Assim que me dou conta, já retirei meu avental e o arremessei para o lado. — Você, você e você! — indico para Alienor, Conor e Kali. — Virão comigo para achá-lo e não quero saber de desculpas! — Volto-me à loira, a qual se assusta com um pulinho e encolhe os ombros, levando suas mãos ao peito. — Srta. Verônica, cuide da Laura para mim, por favor.
— C-claro, eu cuido.
Passo por eles e caminho até a porta. Ao colocar a mão em meus lábios, lanço um assovio: Fiuuuu! — Laura, volte aqui! — Olho para os lados, em busca da garotinha, e sinto alguém me envolver em seus braços.
— Ah! Aqui está você. Eu preciso que...
— Desculpe, Srta. Cintia. Eu me atrasei.
Seu abraço é tão forte que perco o fôlego. — Conseguiram te curar... — eu sussurro.
— Sim, tudo deu certo. A Srta. tinha que ver aquele lugar, é tão alto, grande e a cidade brilha como o sol, é tão bonita.
— Deve ser mesmo...
— Lá as bestas caminham dentro da cidade e vivem ao lado dos lumens como amigos, é um lugar mágico.
Olho para os lados e não vejo o V. em lugar algum.

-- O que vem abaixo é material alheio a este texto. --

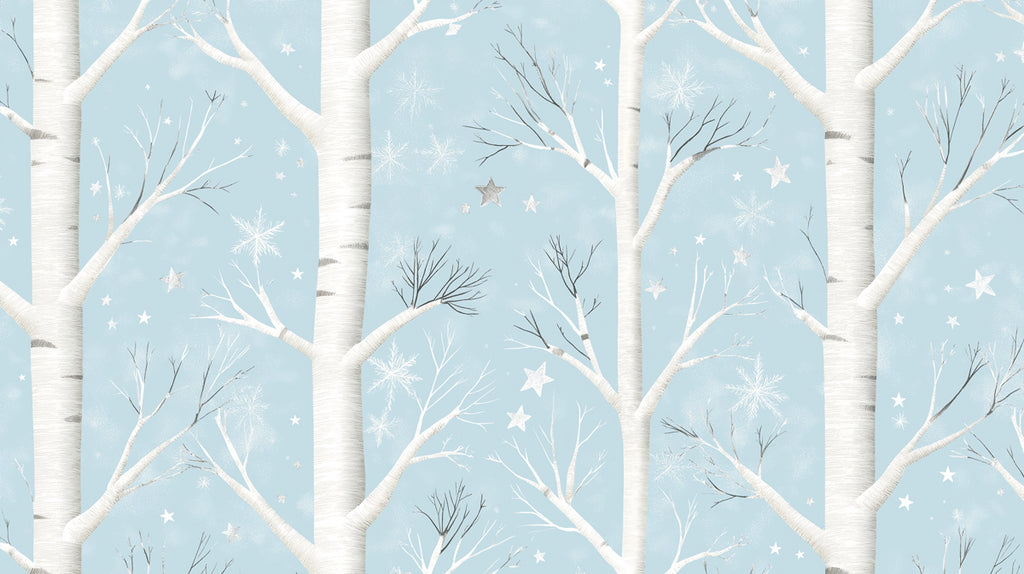 Il Murale della Foresta di Betulle Capricciosa presenta una scena magica di una foresta di betulle in un capriccioso paesaggio invernale. I tronchi bianchi delle betulle si stagliano contro uno sfondo leggero e azzurro chiaro con fiocchi di neve cadenti e stelle bianche sparse. Lo stile dipinto a mano e i dettagli delicati creano un'atmosfera affascinante e incantata, perfetta per uno spazio tranquillo e immaginativo.

Enfim correspondo o gesto do garoto, o abraço também e digo: — Está tudo bem, Gris. Agora você está em casa.
Ele está maior agora, quase da altura de Alienor. Seus cabelos também cresceram e já quase cobrem seus olhos. Mas não é a mudança de sua aparência ou de suas vestes que me chamaram a atenção.

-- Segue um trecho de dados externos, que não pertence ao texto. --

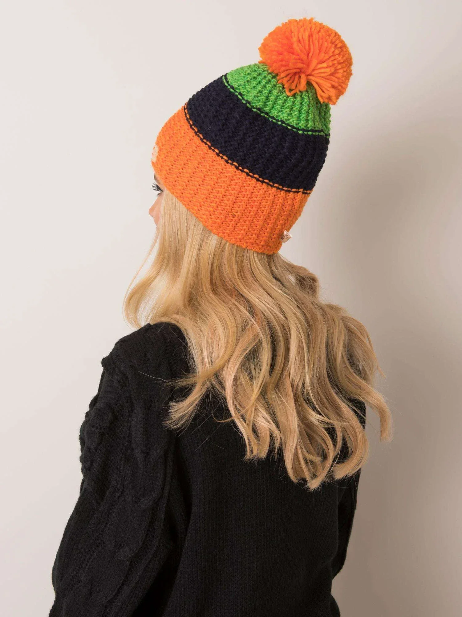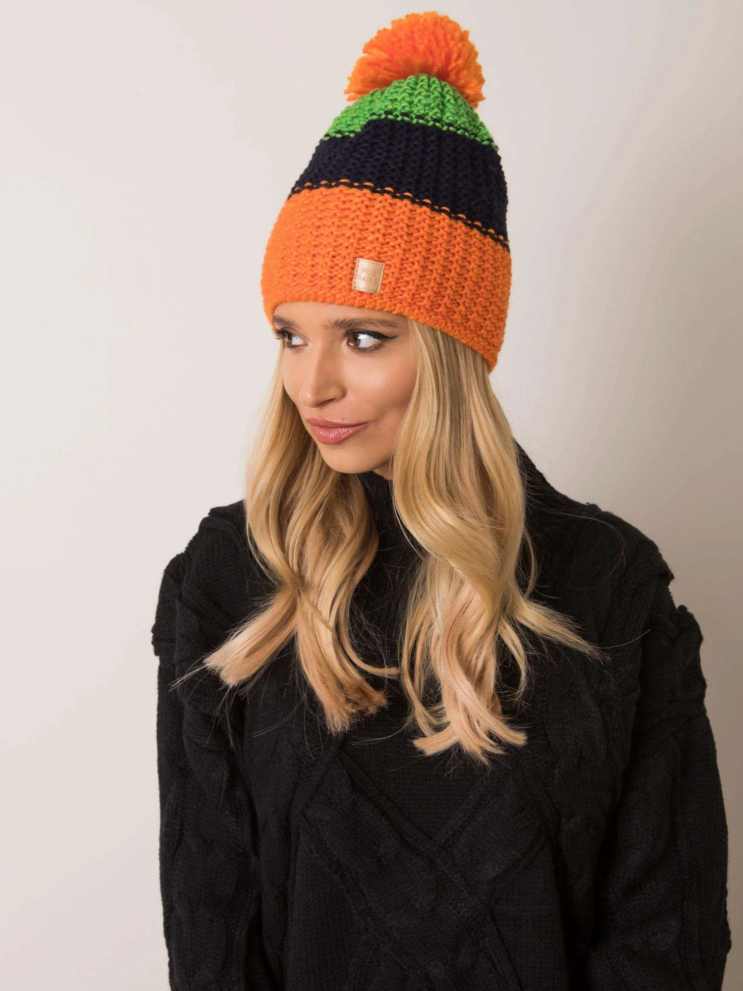 RUE PARIS Dámská oranžová a tmavě modrá čepice Polský výrobek

— Gris! Você voltou! — exclama Laura, ao entrar na estalagem. — Srta. Verônica! Você também... — ela pula nos braços da mulher loira, a qual a recebe prontamente e a levanta em seu colo.
Então, a miniatura da Verônica olha para todos um por um, mas se espanta com um deles. Ela desce do colo, se aproxima da jovem lumen e diz: — Nossa, seu cabelo é da mesma cor que do Sr. Joatan, que legal! Só que ele é velho... — Ela cruza os braços e bate com o dedo indicador algumas vezes no próprio queixo, pensativa.

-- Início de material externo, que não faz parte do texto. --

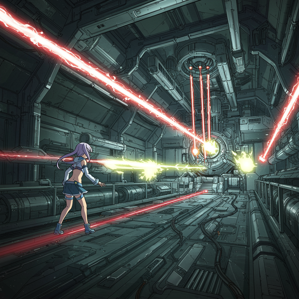A girl in futuristic attire navigates the interior of a colossal spaceship, inspired by Tsutomu Nihei's signature style and the universe of Sidonia no Kishi. The scene features a multi-story space filled with hyper-detailed, sci-fi elements, including a massive laser generator at the core. Energy clots and beams of light flash around her as they accelerate throughout the space, creating a sense of speed and motion. The setting is a futuristic and highly detailed anime drawing, utilizing 8K resolution with manga-style graphics. The visual captures the essence of first-person perspective, where the laser streaks and energy surges evoke a dynamic and immersive experience.
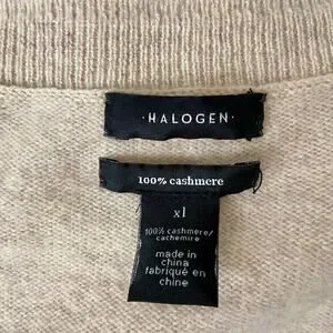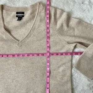 Tan/beige 100% cashmere beautiful v-neck sweater by Halogen. Amazing quality. Super soft. Size XL. Measurements in photos.

— Quer tocar neles? — pergunta Kali, enquanto se aproxima com seu rosto, e seus cabelos deslizam para fora do seu capuz verde.
— Quero! — Ela pega uma mecha e desliza por seus dedos diante dos olhinhos azuis. — Você é de verdade mesmo, moça?
Kali dá uma risadinha. — Eu sou um fantasma. Gosto de assombrar criancinhas. Buuuuu! — Balança os braços, toda desengonçada, imitando uma assombração.
— Hahaha! Eu sei que não é um fantasma. Isso não existe. Você... é uma lumen! — Ela aponta para a menina.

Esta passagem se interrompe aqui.